Date of Report (Date of earliest event reported)
 
July 29, 2011
 
 
Garb Oil & Power Corporation
(Exact name of registrant as specified in its charter)
 
         
Utah
 
000-53411
 
87-0296694
(State or other jurisdiction of
incorporation)
 
(Commission File Number)
 
(IRS Employer
Identification No.)
1588 S. Main Street, Suite 200
Salt Lake City, UT 84115
(Address of principal executive offices, including zip code)
 
(801) 738-1355
(Registrant’s telephone number, including area code)
 
Check the appropriate box below if the Form 8-K filing is intended to simultaneously satisfy the filing obligation of the registrant under any of the following provisions (see General Instruction A.2. below):
 
Written communications pursuant to Rule 425 under the Securities Act (17 CFR 230.425)
 
Soliciting material pursuant to Rule 14a-12 under the Exchange Act (17 CFR 240.14a-12)
 
Pre-commencement communications pursuant to Rule 14d-2(b) under the Exchange Act (17 CFR 240.14d-2(b))
 
Pre-commencement communications pursuant to Rule 13e-4(c) under the Exchange Act (17 CFR 240.13e-4(c))
 
 
 
 

 
 
Item 4.01 – Changes in Registrant’s Certifying Accountant

Effective August 2, 2011, the client-auditor relationship between the Company and Sherb & Co., LLC (the “Former Auditor”) was terminated upon the dismissal of the Former Auditor as the Company’s independent registered accounting firm. The Company has engaged HJ & Associates, LLP (the “New Auditor”) to be the principal independent public accountant to audit the Company's financial statements for the year ending December 31, 2010.  The decision to change accountants was recommended and approved by the Company's Board of Directors, effective July 31, 2011.

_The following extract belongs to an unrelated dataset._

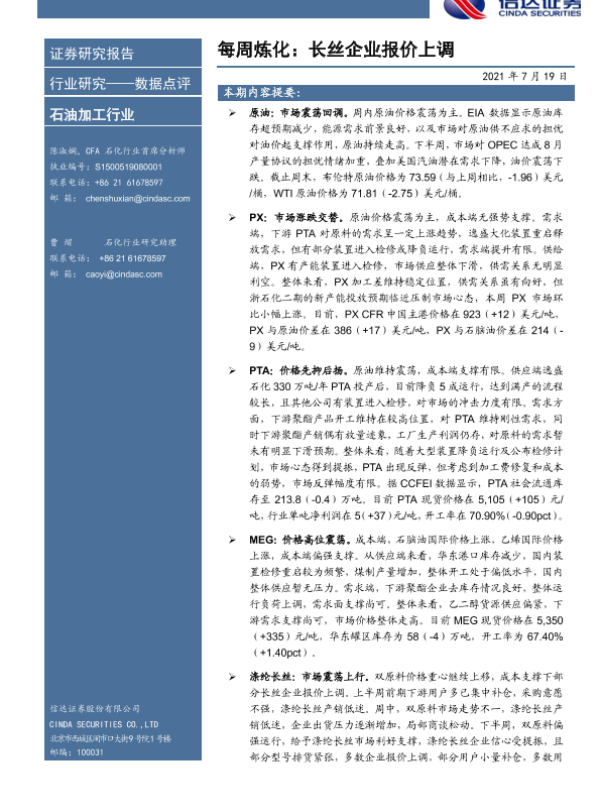【信达证券】【20210719】每周炼化:长丝企业报价上调-9页 行业研究

During the interim periods through the date the relationship with the Former Auditor concluded, there were no disagreements between the Former Auditor and the Company on a matter of accounting principles or practices, financial statement disclosure, or auditing scope or procedure, which disagreement, if not resolved to the satisfaction of the Former Auditor would have caused the Former Auditor to make reference to the subject matter of the disagreement in connection with its report on the Company's financial statements.

There have been no reportable events as defined in Item 304(a)(1)(v) of Regulation S-K during any subsequent interim periods through the date the relationship with the Former Auditor ceased.

The Company has authorized the Former Auditor to respond fully to any inquiries of the New Auditor relating to its engagement as the Company's independent accountant. The Company has requested that the Former Auditor review the disclosure contained in this Report and the Former Auditor has been given an opportunity to furnish the Company with a letter addressed to the Commission containing any new information, clarification of the Company's expression of its views, or the respect in which it does not agree with the statements made by the Company in this filing.  The Company will file such letter with the Securities and Exchange Commission (the “Commission”) as an exhibit to an amendment to this Current Report on Form 8-K/A within two days of receiving it but no later than ten days after the filing of this Report.

Item 9.01. Financial Statements and Exhibits.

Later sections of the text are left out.